Originally published December 15, 2004 at 12:00 AM | Page modified December 15, 2004 at 1:07 AM
David S. Broder / Syndicated columnist
Bush Cabinet shuffle sends mixed messages
President Bush's second-term Cabinet choices pronounce a clear preference for continuity and control. The striking thing about his reshuffle is the priority he has given to familiarity...
WASHINGTON President Bush's second-term Cabinet choices pronounce a clear preference for continuity and control. The striking thing about his reshuffle is the priority he has given to familiarity and loyalty over fresh ideas and novel perspectives.
Of the 14 traditional Cabinet posts he has filled (with homeland security still to come), only two have gone to people not already serving in the administration. Mike Johanns, the governor of Nebraska, moves into Agriculture and Carlos Gutierrez shifts from being CEO of Kellogg, the breakfast-cereal maker, to the Commerce Department.
Bernard Kerik, the former New York City police commissioner, would have been the third, had he not withdrawn from the homeland-security job a week after he was announced. The fiasco of his unexamined background so reminiscent of the screwups at the beginning of Bill Clinton's first term may suggest one reason why Bush preferred to stay with the tried and true.
There are some winners and losers, but overall, the president has assured himself that the lines of authority to the Oval Office will be unchallenged and that his wishes will be seen as commands.
In three instances, he has moved people from the White House senior staff into the leadership of departments where important presidential initiatives will be carried out. Condoleezza Rice, the national-security adviser, will replace Colin Powell at the State Department, sending a message to the sometimes independent foreign service bureaucrats that second-guessing of the president is off-limits.
By making Alberto Gonzales, who has been his personal counsel both in Austin and in the first-term White House, the attorney general, Bush guarantees that the Justice Department, with its vast discretionary powers in law enforcement, will deliver no unpleasant surprises to the administration or its friends in the business community.
And Margaret Spellings, the able domestic-policy aide who shaped education policy in Austin and from the White House, will become the visible point person now as secretary of education.
For the even more important domestic-policy job as secretary of health and human services, Bush picked one of the ablest executives and politicians in the Republican Party, Mike Leavitt, the former governor of Utah. Leavitt succeeds another dynamo, former Wisconsin Gov. Tommy Thompson, and now has a chance to demonstrate his capability to a wider audience than in his earlier assignment as head of the Environmental Protection Agency.
EPA is a dead-end job in a Republican administration one whose occupant is certain to be pummeled by the cross-pressures from advocacy and industry groups.

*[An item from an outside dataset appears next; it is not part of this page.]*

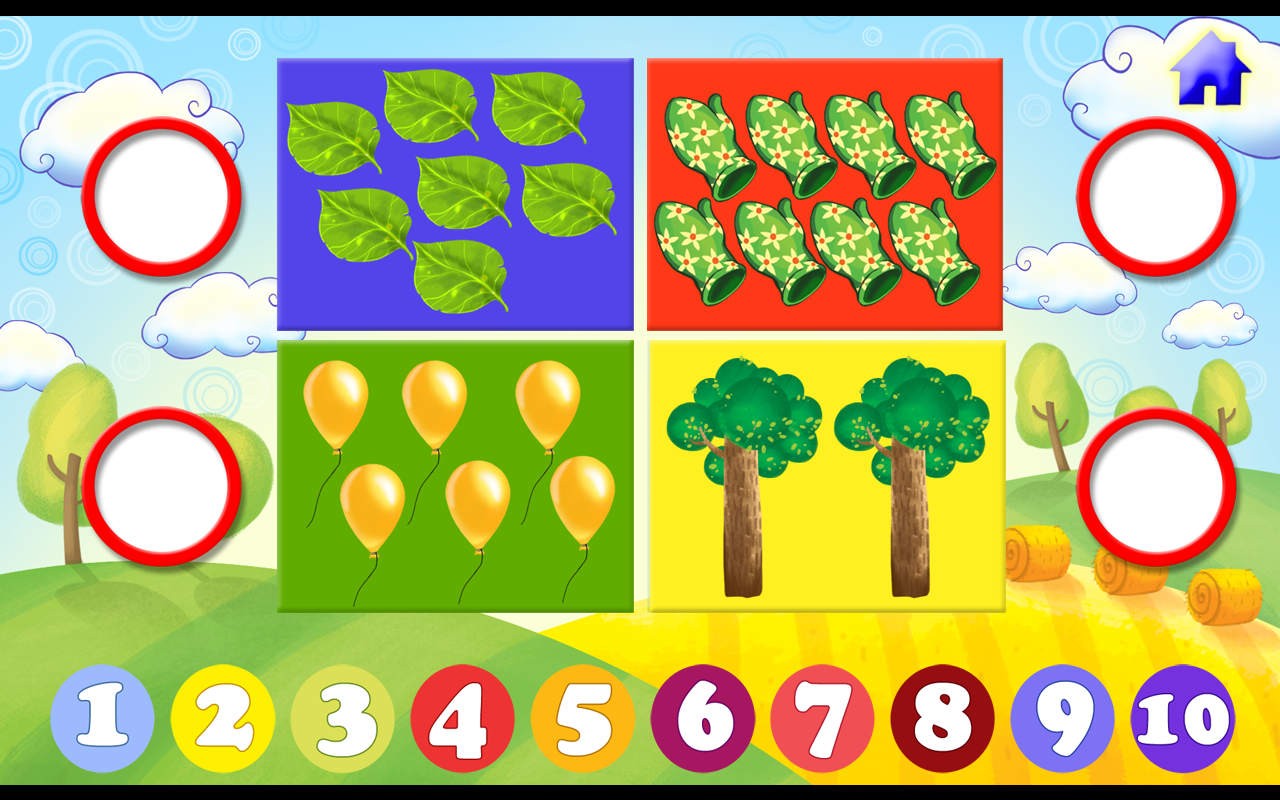 Если ребёнок найдёт 4 правильных ответа, он увидит новые 4 картинки с различными предметами и продолжит дальше тренироваться в счёте.

Now, Leavitt is where he has an opportunity to succeed and to shine.
That is not likely to be said about the two most notable of the six holdovers from the first administration, Defense Secretary Don Rumsfeld and Treasury Secretary John Snow.

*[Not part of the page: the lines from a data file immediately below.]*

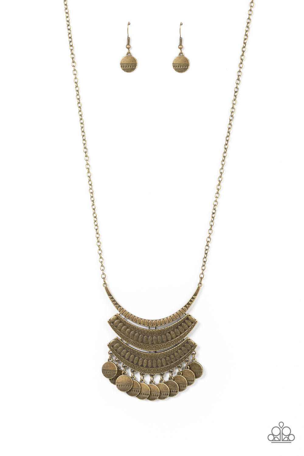 Embossed and stamped with rustic geometric patterns, a single bowing brass bar links with a stack of decorative brass half moon frames at the bottom of an extended brass chain. Stamped with matching texture, antiqued brass discs dance from the bottom of the display for an EMPRESS-ive finish. Features an adjustable clasp closure.
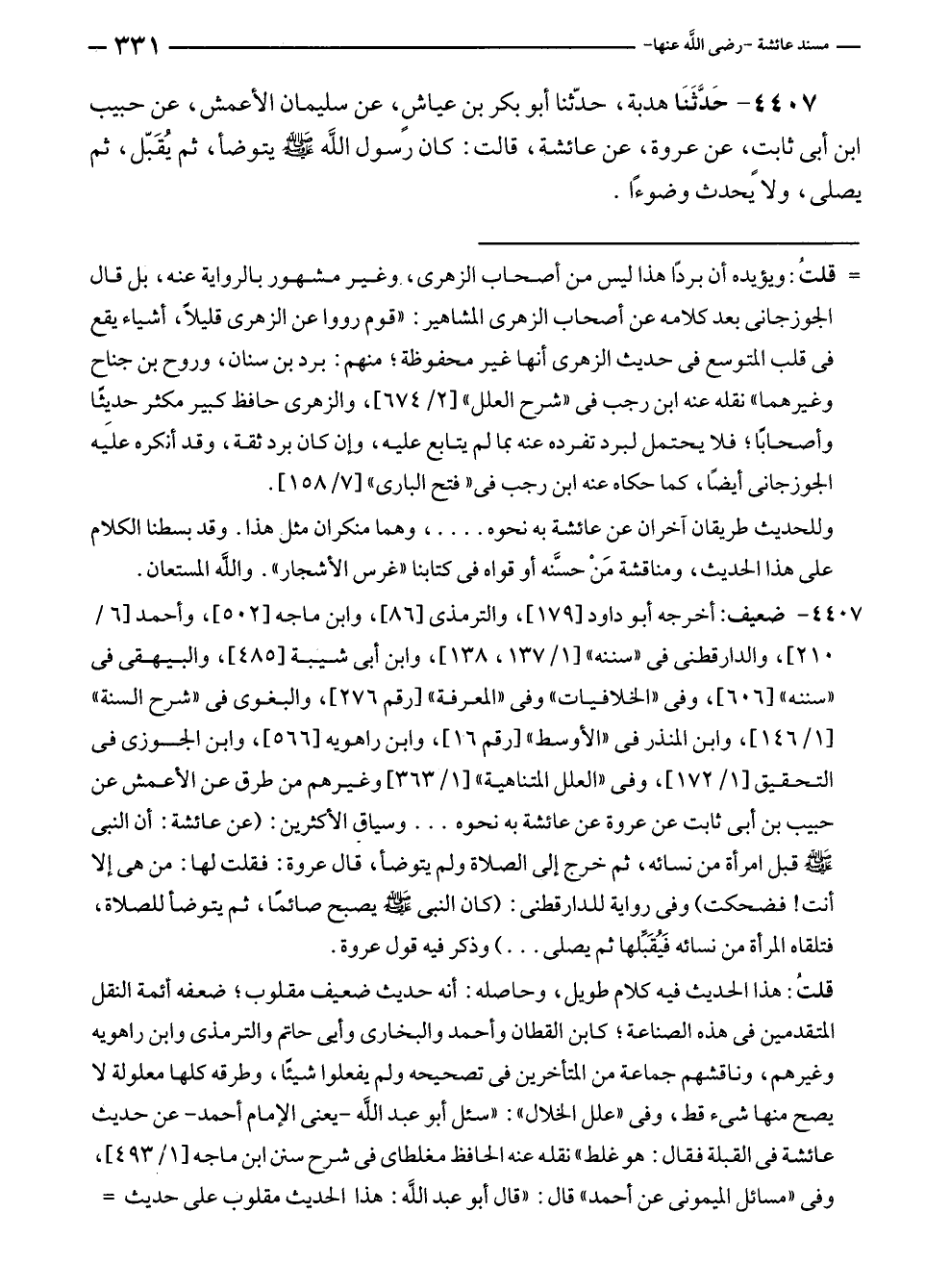 ٤٤٠٧ - حَدَّثَنَا هدبة، حدّثنا أبو بكر بن عياشٍ، عن سليمان الأعمش، عن حبيب بن أبى ثابتٍ، عن عروة، عن عائشة، قالت: كان رسول الله - صلى الله عليه وسلم - يتوضأ، ثم يُقَبّل، ثم يصلى، ولا يحدث وضوءًا.
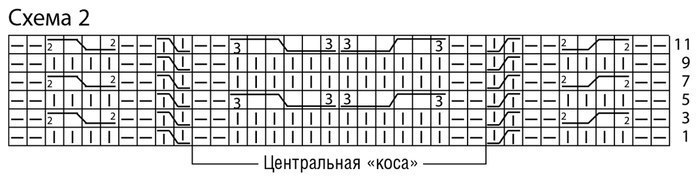 Для дальнейшего скоса рукава прибавить с обеих сторон в каждом 10-м ряду от смены центральной «косы» x 1 п. согл. узору = 76 п.
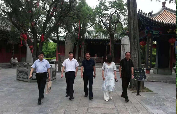 淅川范蠡研究會考察組在衛(wèi)輝市委宣傳部副部長張建軍(左三)、衛(wèi)輝市文聯(lián)主席李志蔚(右二)陪同下考察比干文化建設
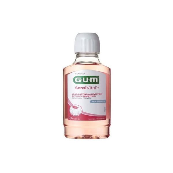 GUM SensiVital Bain de Bouche contient l’agent anti-sensibilité : Nitrate de potassium (5%) dont les effets ont été prouvés cliniquement. SensiVital Bain de bouche permet de Revitaliser les gencives grace à sa formule riche en Aloe Vera, Vitamine E et Pro-Vitamine B5 Favoriser la reminéralisation de l’émail par 250 ppm de Fluor et Isomalt Eliminer les bactéries à l’aire de Chlorure de Cétylpyridinium
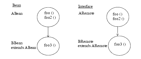 Also, EJBs inheriting from other EJB implementations change the interfaces. For example, the following figure shows a situation where a derived bean adds a new method that is meant to be accessible remotely:
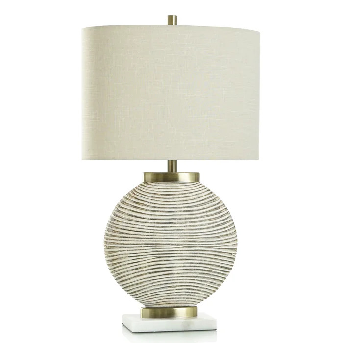 SHALLOWS BRASS TABLE LAMP | Curved Cream Striped Polyresin Body with White Marbled Base | 30in ht
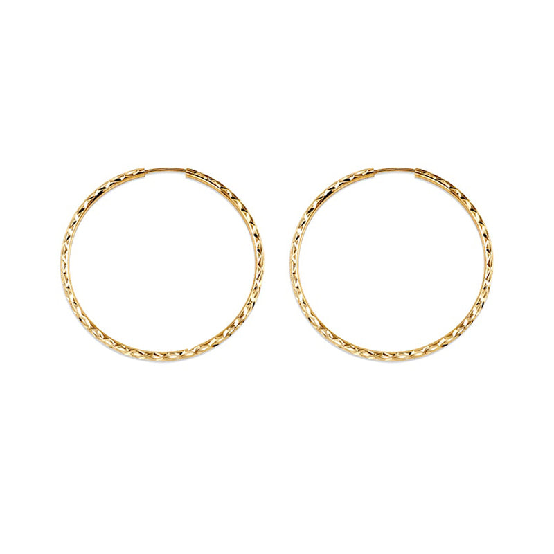 Add a touch of brilliance to your jewelry collection with these exquisite 10K yellow gold hoop earrings. With a 30MM diameter, these exquisite hoops showcase an intricate crisscross pattern that enhances their dazzling appeal. Perfect for both casual wear and special occasions, these lightweight yet luxurious earrings offer effortless sophistication, making them an essential accessory for timeless style.
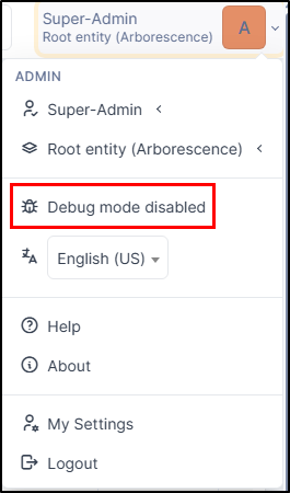 1. Enable **debug mode** in GLPI: go to **My Preferences**, then click **Debug Mode: Disabled** to activate it.
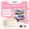 - Túi JARY da PU giúp tránh ánh nắng, độ ẩm làm hỏng mỹ phẩm.
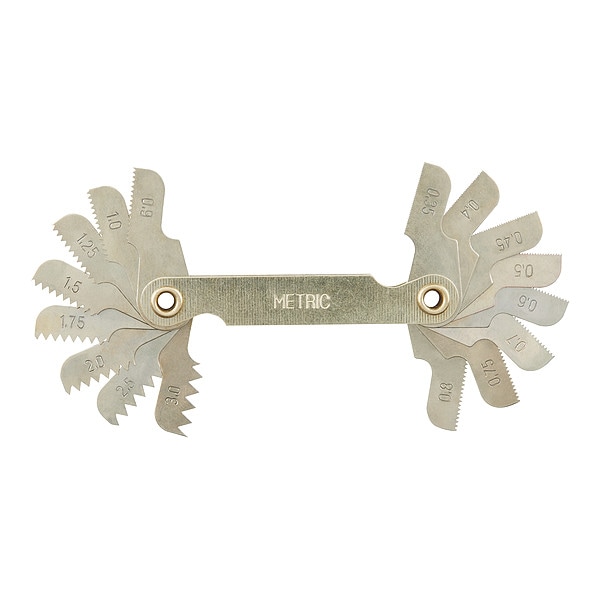 Thread Pitch Gauge, Included Thread Pitch - mm 0.35 to 3 mm, Included Threads per Inch Not Applicable, Maximum Thread Pitch - mm 3 mm, Maximum TPI Not Applicable, Minimum Thread Pitch - mm 0.35 mm, Minimum TPI Not Applicable, Number of Leaves 16, Thread Angle Not Applicable, Thread Type Metric, Gauge Material Metal
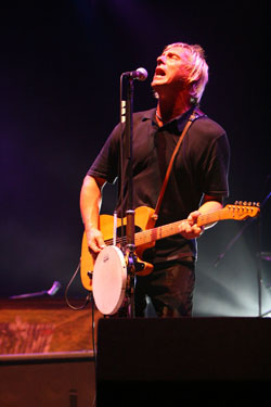 この熱い感じ……言い換えれば、闘争心ってことになるのか。〈いま〉という時間と格闘を続ける男(50歳)の叫びっつうものが、一日目の〈SONIC STAGE〉のラスト・ステージにはこだましていた。先頃、大作『22 Dreams』をリリースし、果たしてこの人に創作意欲の衰えというものがおとずれることってあるのだろうか?とファンに感嘆の声を上げさせたポール・ウェラー。その新作を引っさげての〈サマソニ〉参加となったわけだが、結論から言うと、狂おしいほどのロック魂を迸らせたステージを繰り広げてくれたのである。渋くてアーシーだけど、アグレッシヴでパンク精神を孕んだサウンドを叩きつけるこの大ヴェテラン(50歳)。“The Changingman”“Wild Wood”といった名曲が熱っぽく響き渡り、こちらの耳を激しく打った。また、終盤に披露された“The Eton Rifles”、アンコールで飛び出した“Town Colled Malice”というジャム時代のナンバーは会場の大合唱を誘ったが、それよりも新作からのナンバー、“Echoes Round The Sun”などが放つ生々しい響きのほうが個人的には胸に残っている。新しく誕生したそれらの曲が舞台上で目いっぱい躍動している様がとても頼もしく思えたのである。誠に素晴らしかった。*桑原

Rumsfeld's hold on the president is hard for outsiders to fathom. Early on, he antagonized much of the military brass and many influential Republican members of Congress who specialize in defense affairs. The advice he and his associates gave the president about what the United States would face in Iraq was wrong more often than it was right. And his nonchalance about the consequences of these misjudgments has stunned even some of us who have known and admired him in the past.
It was all encapsulated last week in his blowing off a soldier's inquiry in Kuwait about the lack of protective armor for the trucks in which troops are riding down the deadly roads in Iraq. "You go to war with the army you have. They're not the army you might want or wish to have at a later time," Rumsfeld said, in what sounded like a patronizing tone.

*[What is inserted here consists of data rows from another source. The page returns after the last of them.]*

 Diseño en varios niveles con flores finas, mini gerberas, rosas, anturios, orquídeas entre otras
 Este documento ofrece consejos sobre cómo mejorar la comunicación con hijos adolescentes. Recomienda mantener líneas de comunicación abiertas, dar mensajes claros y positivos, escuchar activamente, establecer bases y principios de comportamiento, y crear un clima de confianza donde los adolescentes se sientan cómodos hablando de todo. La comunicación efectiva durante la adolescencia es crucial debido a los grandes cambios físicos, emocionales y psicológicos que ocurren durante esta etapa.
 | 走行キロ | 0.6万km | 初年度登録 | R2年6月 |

But the army we have is the one he designed, led by commanders he chose, an army much smaller than the force many of his generals had said was needed to secure control of a post-Saddam Iraq. And now that army knows Rumsfeld remains its boss.
As for Secretary Snow, his performance at Treasury the past two years, following the firing of the feisty Paul O'Neill, has been so pedestrian that anonymous "senior White House officials" were telling reporters for weeks after the election that Snow would soon be replaced only to discover that the president had no liking for any of the prospective successors. Snow the Outcast was instantly transformed into Snow the Prodigal Presidential Pal at least until the next round of backstabbing begins.
The whole process has been a strange prelude to the second term disciplined and smart one moment, negligent and self-indulgent the next. It sends mixed messages about what lies ahead.